To: Jacob Snyder who wrote (53616)10/3/2001 11:49:03 AM
From: michael97123  Respond to of 70976
 
Jacob's rally begins??? See you at the close. That boy knows things the rest of us just guess at. mike



To: Jacob Snyder who wrote (53616)10/4/2001 12:04:38 PM
From: Sam Citron  Read Replies (2) | Respond to of 70976
 
RE: Difficulty of computing PE of Nasdaq 100

Valuing the Nasdaq Composite Index is tough, due to the huge number of stocks and lack of earnings data. Obtaining a price-to-earnings ratio for the Nasdaq 100 index is much simpler.

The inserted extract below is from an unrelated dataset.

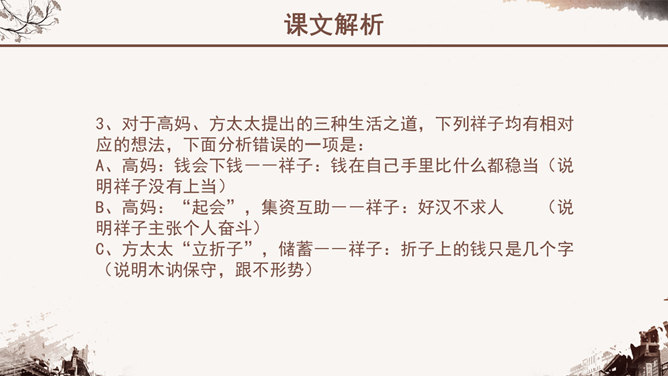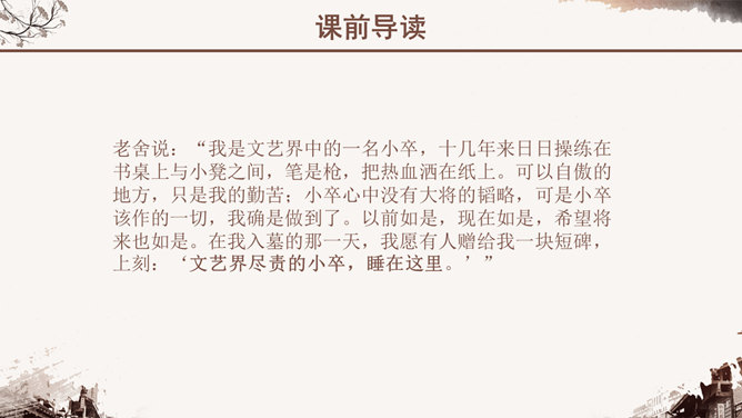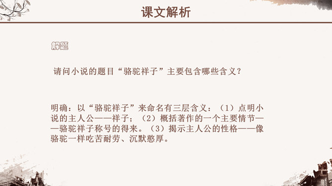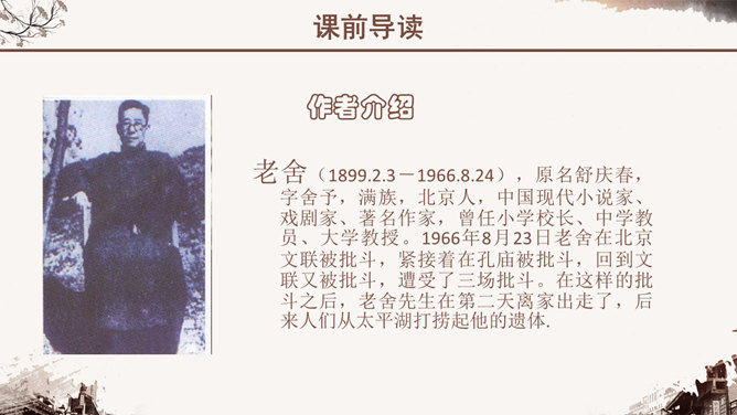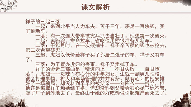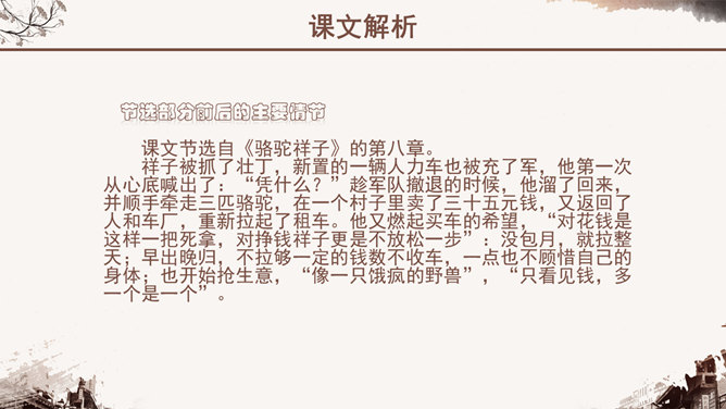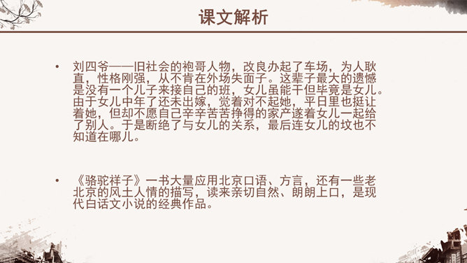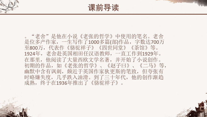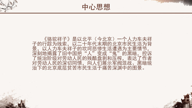 《骆驼祥子》是以北平(今北京)一个人力车夫祥子的行踪为线索,以二十年代末期的北京市民生活为背景,以人力车夫祥子的坎坷悲惨生活遭遇为主要情节,深刻地揭露了旧中国把“人”变成“鬼”的黑暗,控诉了统治阶级对劳动人民的残酷盘剥和压榨,表达了作者对劳动人民的深切同情,向人们展示军阀混战、黑暗统治下的北京底层贫苦市民生活于痛苦深渊中的图景。《骆驼祥子》一书大量应用北京口语、方言,还有一些老北京的风土人情的描写,读来亲切自然、朗朗上口,是现代白话文小说的经典作品。所属专题:骆驼祥子ppt。

Detox calculates that the Nasdaq 100 is trading at 73 times 2001 earnings forecast by Thomson Financial/First Call, and 42 times expected 2002 earnings. That's frightfully expensive.

(Note that the Nasdaq 100 is a weighted index. This means some companies' index weights are higher than their market capitalization, and vice versa. If you adjust forecast earnings to bring them into line with index weights, as one should, the 2001 P/E goes up to 103, while 2002's jumps to 52.)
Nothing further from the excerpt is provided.